UK 'fails to freeze' Mubarak-era assets
- Published
The UK government is failing in its commitment to freeze assets of the regime of former Egyptian leader Hosni Mubarak, a BBC investigation has found.
Publicly available documents reveal property and companies linked to key figures in the Mubarak circle that have been unaffected by sanctions.
Egyptian officials accuse the UK of hiding stolen wealth and breaching international anti-corruption accords.
The UK says it is doing as much as it can to trace the funds.
Reports that President Hosni Mubarak and his inner circle stole tens of billions of dollars helped fuel the revolution which overthrew him on 11 February last year.
Three days later, UK Foreign Secretary William Hague told parliament the UK would co-operate with an Egyptian government request to freeze the assets of several former officials.
But it was a further 37 days before Britain and other EU states applied the sanctions - a period when Egypt says the accused officials were able to move their money elsewhere.
About £85m ($135m) of assets belonging to Mr Mubarak, his wife, two sons, and 15 other Egyptians have now been frozen in the UK.
More information
But the BBC investigation found assets that have apparently been missed.
The publicly accessible Companies House register reveals that one of those named on the sanctions list, Naglaa al-Ghazaerly, wife of the former housing minister, was able to register a company in her own name in London in November 2011, seven months after her assets were ordered to be frozen.

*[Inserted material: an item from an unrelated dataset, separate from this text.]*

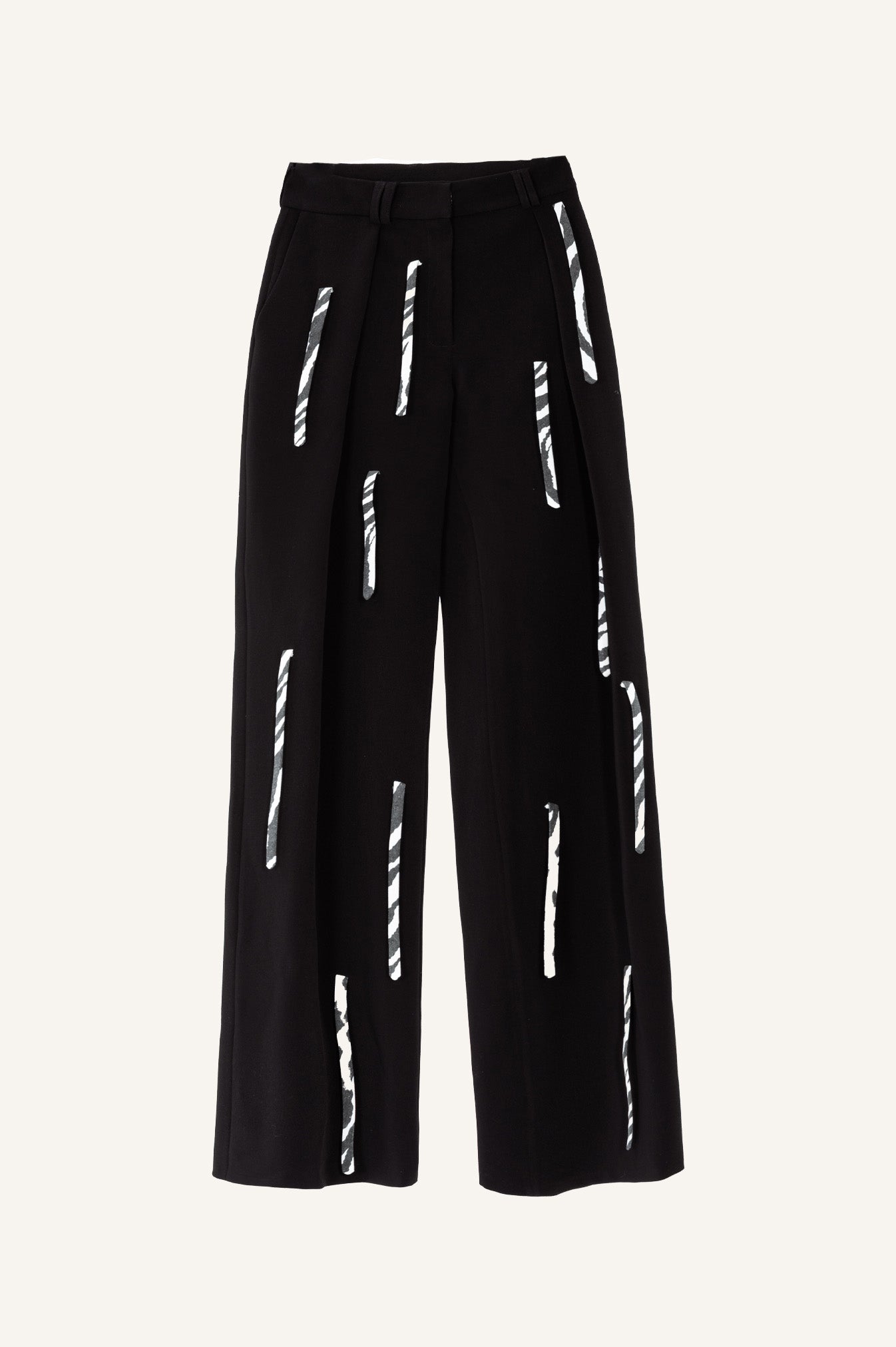 Прямі штани з легкими складками по талії, вільним кроєм та ремінцями з зебровим принтом.

Another similar document shows that a London investment company, Medinvest Associates, external, co-founded by Mr Mubarak's younger son Gamal, and still belonging to a Cypriot firm he helped run, continued operating until it dissolved itself, voluntarily, in February this year - 11 months after sanctions were imposed.
Meanwhile there is no indication on Land Registry documents of any freeze on the large house worth between £8m and £10m in Wilton Place, off Knightsbridge in London, that was Gamal Mubarak's UK home for many years until the Egyptian revolution.
He listed the house as his address as recently as 2010, when it appears on the birth certificate of his daughter Farida.
The house is registered to a company in the tax haven of Panama. But in international practice, sanctions should apply to any assets of which the named individual is the "beneficial owner" - the person who enjoys the benefit of them, even if the title is in another name.
Britain has accepted official requests from Egypt for legal assistance to help trace and freeze assets. But Egypt says the UK is asking for more information before it can proceed further - information Egypt says it does not have.
Lawful procedure
Assem al-Gohary, head of Egypt's Illicit Gains Authority said: "The British government is obliged by law to help us. But it doesn't want to make any effort at all to recover the money. It just says: 'Give us evidence'. Is this reasonable? We are in Egypt, looking for money in the UK."
The Foreign Office says it has passed all information received from the BBC to relevant authorities, but cannot comment further on individual cases.
Foreign Office Minister Alistair Burt said: "We understand the strength of feeling in Egypt on this issue and are working closely with their authorities to identify and restrain assets their courts have identified as stolen."
But he added: "It is crucial that the recovery and return of stolen assets is lawful. It is simply not possible for the UK to deprive a person of their assets and return them to an overseas country in the absence of a criminal conviction and confiscation order."
He said Britain could not have acted more quickly to freeze assets because such an order cannot be made on the basis of suspicion alone, and it took time to agree a freeze with all 27 EU states, as was necessary.
The UK's approach contrasts with that of Switzerland - once known as an easy place to conceal money - which froze the assets of Mubarak and his associates within half an hour of his resignation last year.
The Swiss Federal Prosecutor Michael Lauber told the BBC he had a team of more than 20 police investigators tracing suspected illicit Egyptian assets.
The total amount frozen has risen from CHF410m (£270m) in February 2011 to about CHF700m (£470m) now - while the amount frozen in the UK has not risen since last year.
Egypt's new Legal Affairs Minister Mohamed Mahsoub said: "The UK is one of the worst countries when it comes to tracing and freezing Egyptian assets."
But he said Egypt itself, where elements of the old regime are still influential, had also failed to investigate adequately.